Getting something done today – it creative, entrepreneurial, or cultural work – is no longer merely a question of personal talent; it's increasingly a question of the conditions around it. We live in an age of seemingly boundless possibilities, but one in which all too frequently the path from idea to realization is blocked to us by bureaucracy, inability to find space, precarious networks, or insufficient institutional capability. In this context, a city or country's true energy shows in how well it supports and brings ideas to life. Talent exists everywhere – but it can only grow where it’s given the space and care to take root.

In this sense, Rotterdam stands as a compelling example. Much more than a hub and port city, it has reshaped its image by continually investing in young people, creativity, and a forward-looking orientation. Its motto – “Rotterdam Make It Happen” – isn’t just a catchy slogan, but a genuine declaration of intent: a collective invitation to act, supported by robust infrastructure, progressive urban policies, and a cultural mindset grounded in making things possible.

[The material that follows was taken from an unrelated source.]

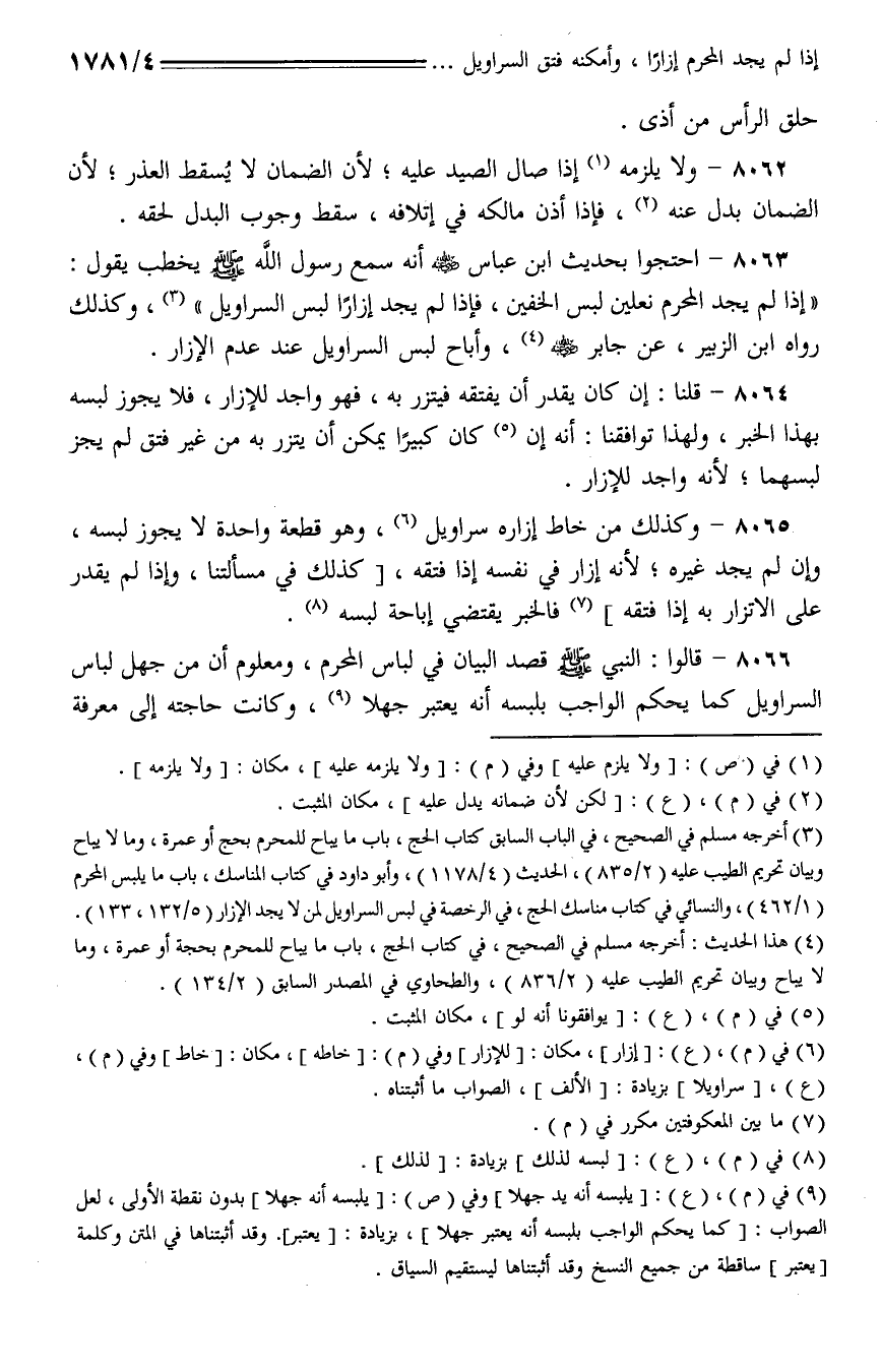8063 - احتجوا بحديث ابن عباس - رضي الله عنه - أنه سمع رسول الله - صلى الله عليه وسلم - يخطب يقول: (إذا لم يجد المحرم نعلين لبس الخفين، فإذا لم يجد إزارًا لبس السراويل)، وكلذك رواه ابن الزبير، عن جابر - رضي الله عنه -، وأباح لبس السراويل عند عدم الإزار.

It is not a question of destiny or individual fortune, here, but a matter of collective responsibility between creatives, citizens, and institutions. It's a social co-responsibility that allows talent to bloom – not the big exception, but the norm of success. In this fertile soil, Sabine Marcelis has her place: a designer and artist who makes material into light, and light into a compelling language.

 

 

Born in 1985, raised in New Zealand, and educated in the Netherlands, Sabine Marcelis chose Rotterdam not just as her base, but as a creative partner – an extension of her practice. She embodies the spirit of the city: experimental, radiant, and grounded. Her work moves seamlessly along the border between art and design, guided by a unique sensibility that transforms industrial materials like glass, resin, and neon into objects that are both poetic and functional. What stands out is her ability to make aesthetics converse with technology, to balance the ephemeral and the solid, to shape light as if it were matter itself.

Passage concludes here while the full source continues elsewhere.